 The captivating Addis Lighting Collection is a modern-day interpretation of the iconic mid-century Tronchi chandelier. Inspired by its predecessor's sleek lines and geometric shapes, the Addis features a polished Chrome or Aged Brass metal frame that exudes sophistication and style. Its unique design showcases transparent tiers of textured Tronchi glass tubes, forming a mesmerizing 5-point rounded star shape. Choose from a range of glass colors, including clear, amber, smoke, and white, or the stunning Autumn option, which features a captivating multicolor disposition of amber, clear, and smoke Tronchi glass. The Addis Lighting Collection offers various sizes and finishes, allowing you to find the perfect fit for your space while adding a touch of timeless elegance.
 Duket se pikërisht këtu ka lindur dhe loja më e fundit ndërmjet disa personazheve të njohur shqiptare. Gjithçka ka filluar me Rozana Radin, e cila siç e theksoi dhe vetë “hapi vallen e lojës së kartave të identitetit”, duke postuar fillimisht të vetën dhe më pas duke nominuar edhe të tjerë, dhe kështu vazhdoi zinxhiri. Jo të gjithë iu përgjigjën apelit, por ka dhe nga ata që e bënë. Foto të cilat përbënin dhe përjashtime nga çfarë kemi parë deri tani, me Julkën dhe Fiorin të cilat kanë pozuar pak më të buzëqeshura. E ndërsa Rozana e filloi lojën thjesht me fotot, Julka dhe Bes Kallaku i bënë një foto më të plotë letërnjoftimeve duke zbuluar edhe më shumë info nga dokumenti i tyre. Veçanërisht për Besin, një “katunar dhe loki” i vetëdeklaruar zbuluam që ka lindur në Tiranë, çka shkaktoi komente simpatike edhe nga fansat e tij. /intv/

...

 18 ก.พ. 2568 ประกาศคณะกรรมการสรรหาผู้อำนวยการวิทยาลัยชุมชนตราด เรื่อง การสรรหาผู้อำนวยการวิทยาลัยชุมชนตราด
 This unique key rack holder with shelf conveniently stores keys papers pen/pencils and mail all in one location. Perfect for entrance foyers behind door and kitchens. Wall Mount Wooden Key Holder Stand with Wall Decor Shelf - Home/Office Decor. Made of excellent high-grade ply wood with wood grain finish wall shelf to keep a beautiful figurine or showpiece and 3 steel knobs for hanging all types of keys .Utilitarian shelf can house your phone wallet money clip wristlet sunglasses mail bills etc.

• [Work request] Scan the listing above for the line that has "The captivating Addis", then copy exactly from that line through the line that has "Duket se pikërisht".

• [Response box]
 The captivating Addis Lighting Collection is a modern-day interpretation of the iconic mid-century Tronchi chandelier. Inspired by its predecessor's sleek lines and geometric shapes, the Addis features a polished Chrome or Aged Brass metal frame that exudes sophistication and style. Its unique design showcases transparent tiers of textured Tronchi glass tubes, forming a mesmerizing 5-point rounded star shape. Choose from a range of glass colors, including clear, amber, smoke, and white, or the stunning Autumn option, which features a captivating multicolor disposition of amber, clear, and smoke Tronchi glass. The Addis Lighting Collection offers various sizes and finishes, allowing you to find the perfect fit for your space while adding a touch of timeless elegance.
 Duket se pikërisht këtu ka lindur dhe loja më e fundit ndërmjet disa personazheve të njohur shqiptare. Gjithçka ka filluar me Rozana Radin, e cila siç e theksoi dhe vetë “hapi vallen e lojës së kartave të identitetit”, duke postuar fillimisht të vetën dhe më pas duke nominuar edhe të tjerë, dhe kështu vazhdoi zinxhiri. Jo të gjithë iu përgjigjën apelit, por ka dhe nga ata që e bënë. Foto të cilat përbënin dhe përjashtime nga çfarë kemi parë deri tani, me Julkën dhe Fiorin të cilat kanë pozuar pak më të buzëqeshura. E ndërsa Rozana e filloi lojën thjesht me fotot, Julka dhe Bes Kallaku i bënë një foto më të plotë letërnjoftimeve duke zbuluar edhe më shumë info nga dokumenti i tyre. Veçanërisht për Besin, një “katunar dhe loki” i vetëdeklaruar zbuluam që ka lindur në Tiranë, çka shkaktoi komente simpatike edhe nga fansat e tij. /intv/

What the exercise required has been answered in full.